Top of PROVIDED DATA

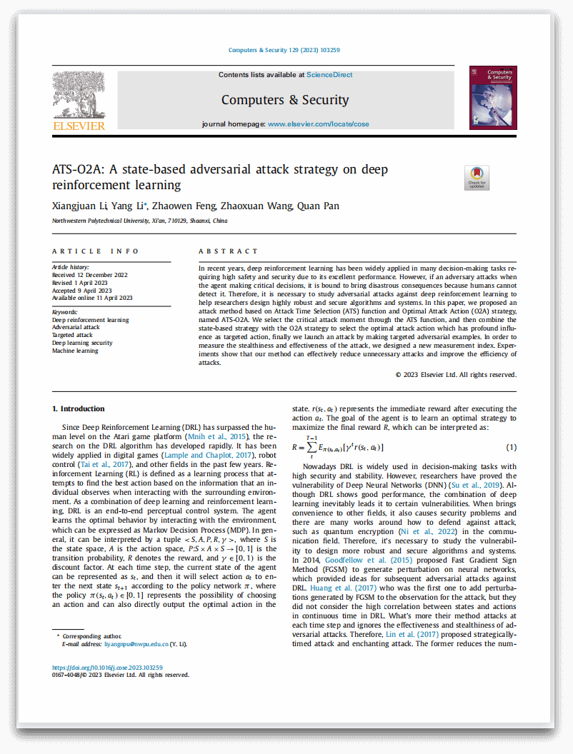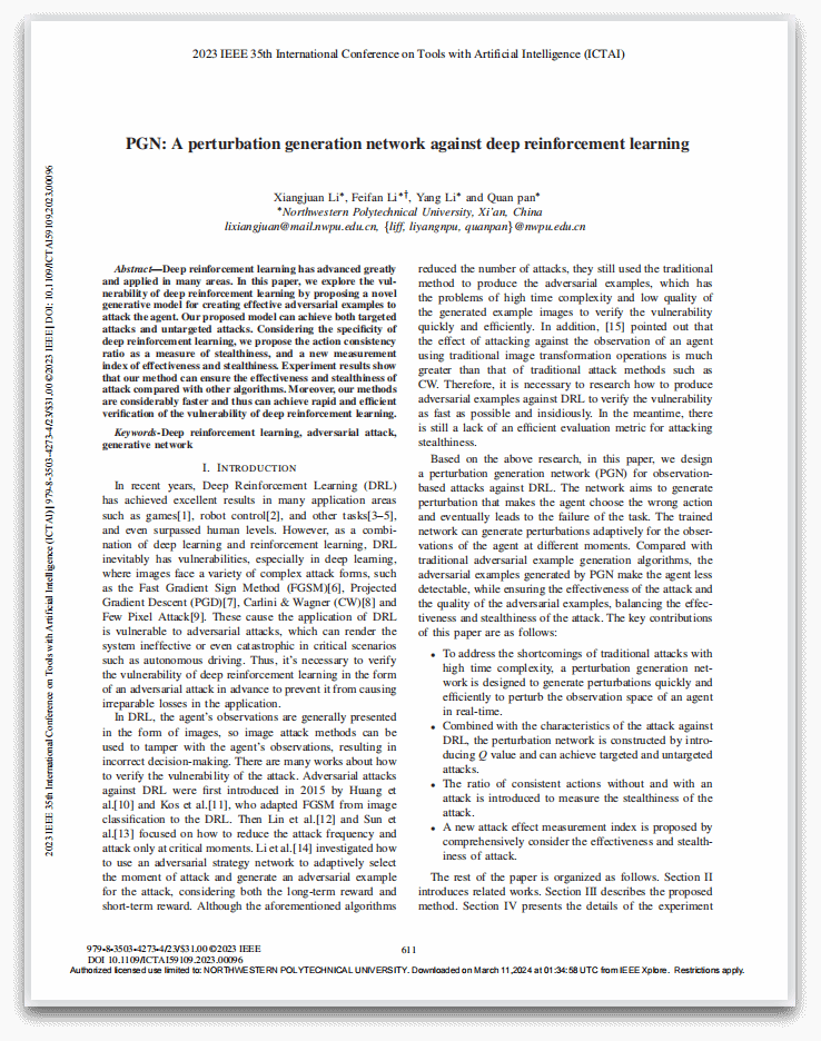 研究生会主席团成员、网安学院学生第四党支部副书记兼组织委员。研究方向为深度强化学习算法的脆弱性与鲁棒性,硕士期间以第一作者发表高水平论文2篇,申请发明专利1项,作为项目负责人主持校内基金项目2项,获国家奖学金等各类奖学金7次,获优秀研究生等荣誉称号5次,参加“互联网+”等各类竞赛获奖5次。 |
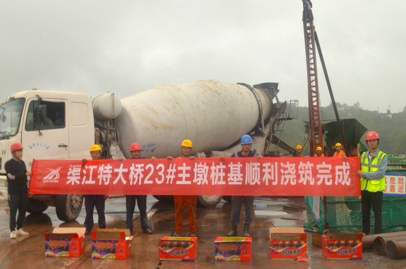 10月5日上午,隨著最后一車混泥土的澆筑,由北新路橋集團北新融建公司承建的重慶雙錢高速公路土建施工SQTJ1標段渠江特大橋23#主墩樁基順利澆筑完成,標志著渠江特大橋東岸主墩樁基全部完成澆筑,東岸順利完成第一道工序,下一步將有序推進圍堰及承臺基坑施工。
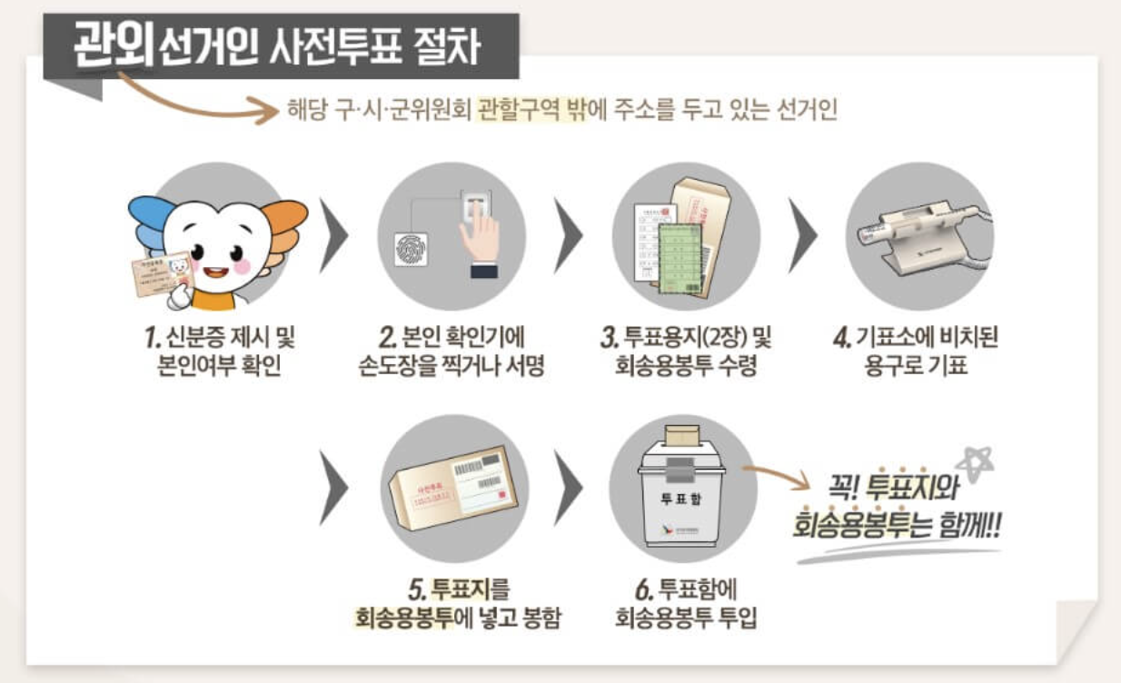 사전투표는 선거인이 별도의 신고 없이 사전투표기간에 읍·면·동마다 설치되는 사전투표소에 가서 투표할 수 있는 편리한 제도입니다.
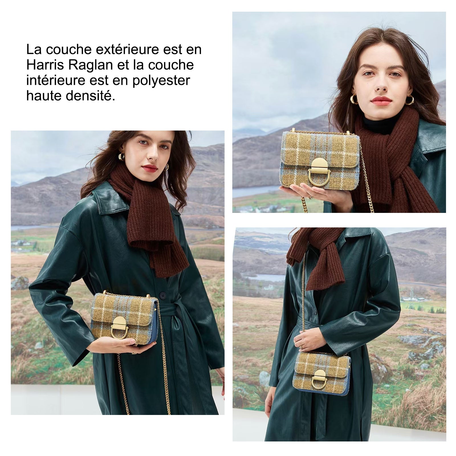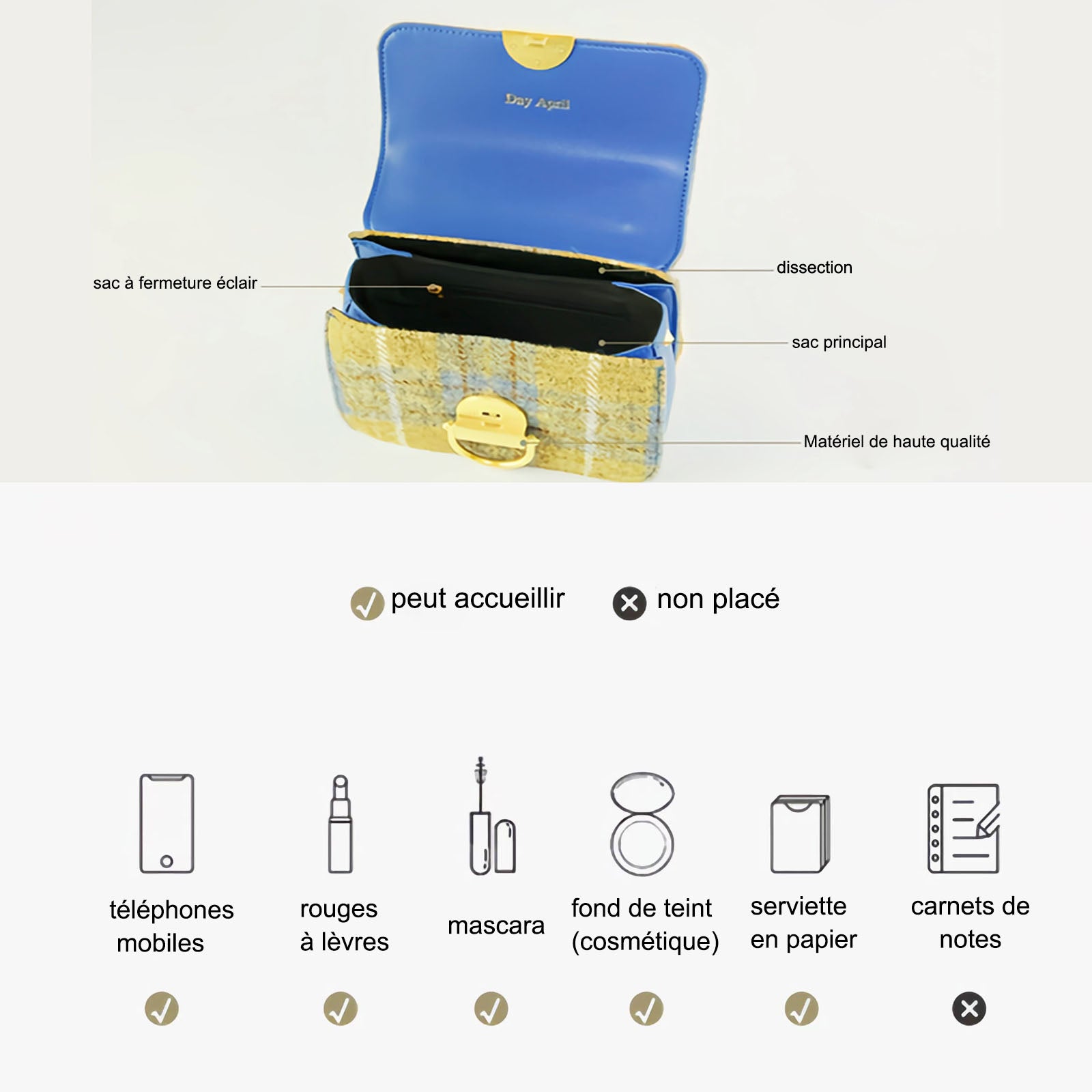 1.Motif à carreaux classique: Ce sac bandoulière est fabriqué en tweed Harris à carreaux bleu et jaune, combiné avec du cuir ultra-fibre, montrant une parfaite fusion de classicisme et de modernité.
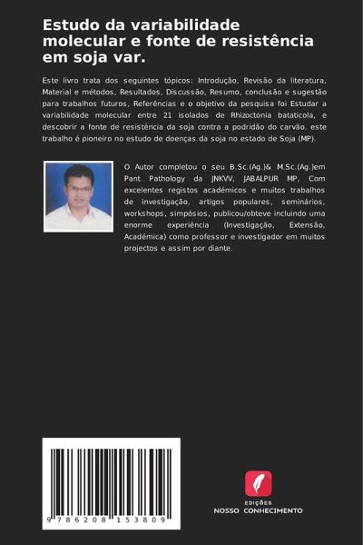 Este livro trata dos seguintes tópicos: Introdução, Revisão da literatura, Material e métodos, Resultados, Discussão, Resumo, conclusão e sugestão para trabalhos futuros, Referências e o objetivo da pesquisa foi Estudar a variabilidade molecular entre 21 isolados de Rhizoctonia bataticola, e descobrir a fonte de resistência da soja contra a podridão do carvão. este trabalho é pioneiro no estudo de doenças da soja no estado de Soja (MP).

Bottom of PROVIDED DATA

● **YOUR INSTRUCTIONS**
An exact printout of the entries is wanted, covering the first line through the line holding "1.Motif à carreaux", with pictures kept out of it.

● **RESPONSE AREA**
 研究生会主席团成员、网安学院学生第四党支部副书记兼组织委员。研究方向为深度强化学习算法的脆弱性与鲁棒性,硕士期间以第一作者发表高水平论文2篇,申请发明专利1项,作为项目负责人主持校内基金项目2项,获国家奖学金等各类奖学金7次,获优秀研究生等荣誉称号5次,参加“互联网+”等各类竞赛获奖5次。 |
 10月5日上午,隨著最后一車混泥土的澆筑,由北新路橋集團北新融建公司承建的重慶雙錢高速公路土建施工SQTJ1標段渠江特大橋23#主墩樁基順利澆筑完成,標志著渠江特大橋東岸主墩樁基全部完成澆筑,東岸順利完成第一道工序,下一步將有序推進圍堰及承臺基坑施工。
 사전투표는 선거인이 별도의 신고 없이 사전투표기간에 읍·면·동마다 설치되는 사전투표소에 가서 투표할 수 있는 편리한 제도입니다.
 1.Motif à carreaux classique: Ce sac bandoulière est fabriqué en tweed Harris à carreaux bleu et jaune, combiné avec du cuir ultra-fibre, montrant une parfaite fusion de classicisme et de modernité.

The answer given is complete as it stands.